• WHAT NEEDS TO BE DONE: Without the images, repeat every line of the listing exactly.

• SUPPLIED INFORMATION:
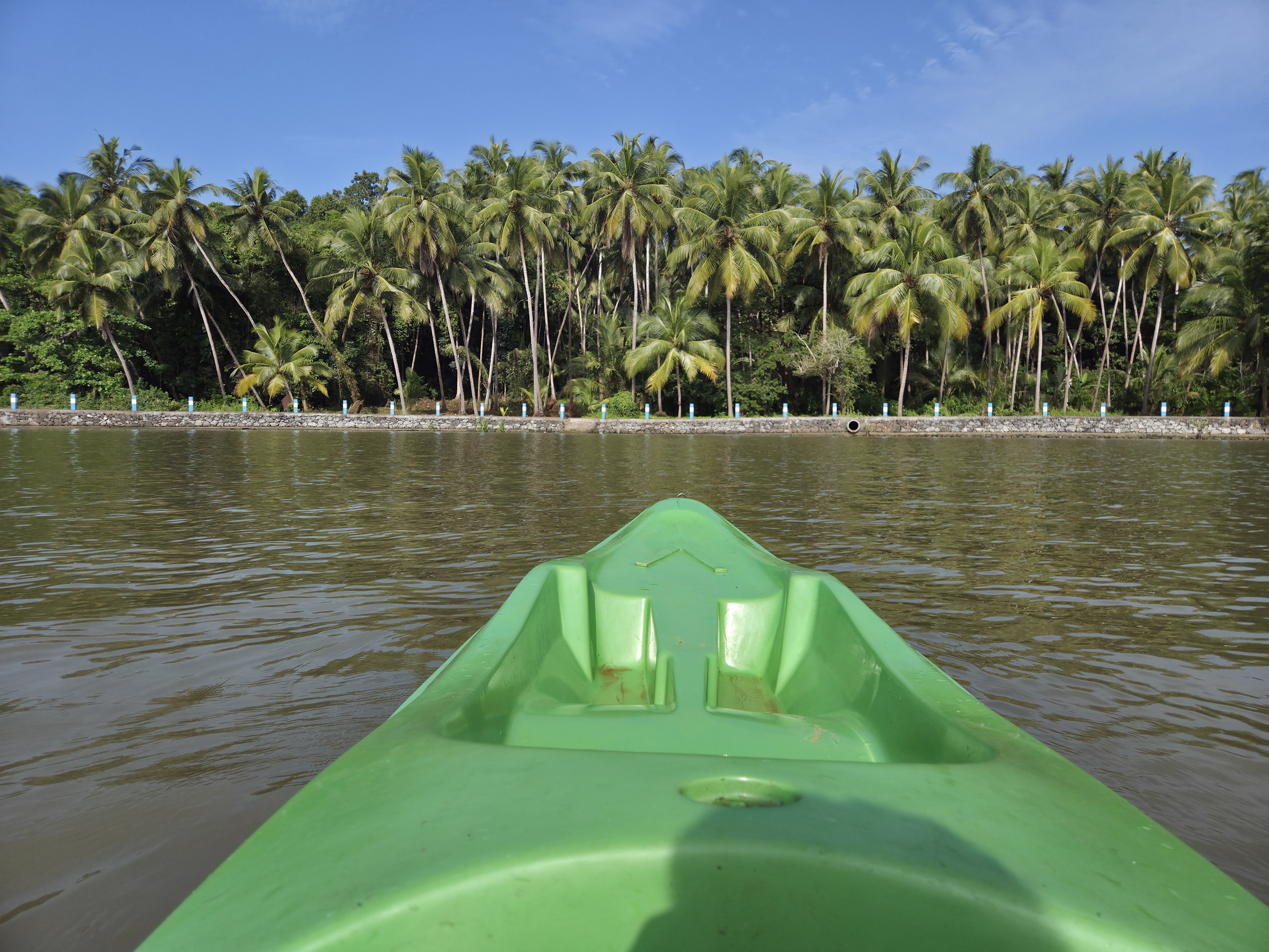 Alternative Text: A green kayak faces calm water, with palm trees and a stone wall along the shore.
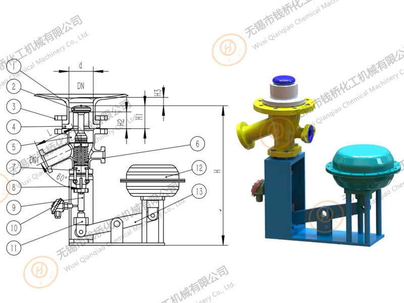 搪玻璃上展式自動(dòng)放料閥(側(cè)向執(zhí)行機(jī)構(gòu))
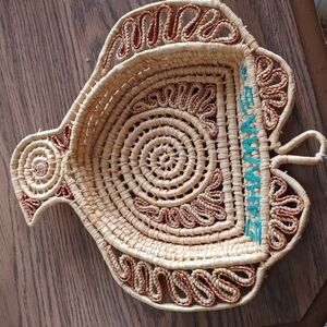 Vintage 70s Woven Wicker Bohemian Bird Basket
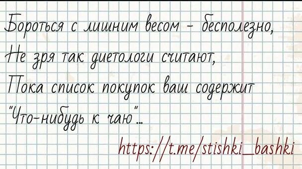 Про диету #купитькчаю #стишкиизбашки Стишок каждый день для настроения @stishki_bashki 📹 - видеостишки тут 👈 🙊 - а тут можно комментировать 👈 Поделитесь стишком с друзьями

• SOLUTION:
 Alternative Text: A green kayak faces calm water, with palm trees and a stone wall along the shore.
 搪玻璃上展式自動(dòng)放料閥(側(cè)向執(zhí)行機(jī)構(gòu))
 Vintage 70s Woven Wicker Bohemian Bird Basket
 Про диету #купитькчаю #стишкиизбашки Стишок каждый день для настроения @stishki_bashki 📹 - видеостишки тут 👈 🙊 - а тут можно комментировать 👈 Поделитесь стишком с друзьями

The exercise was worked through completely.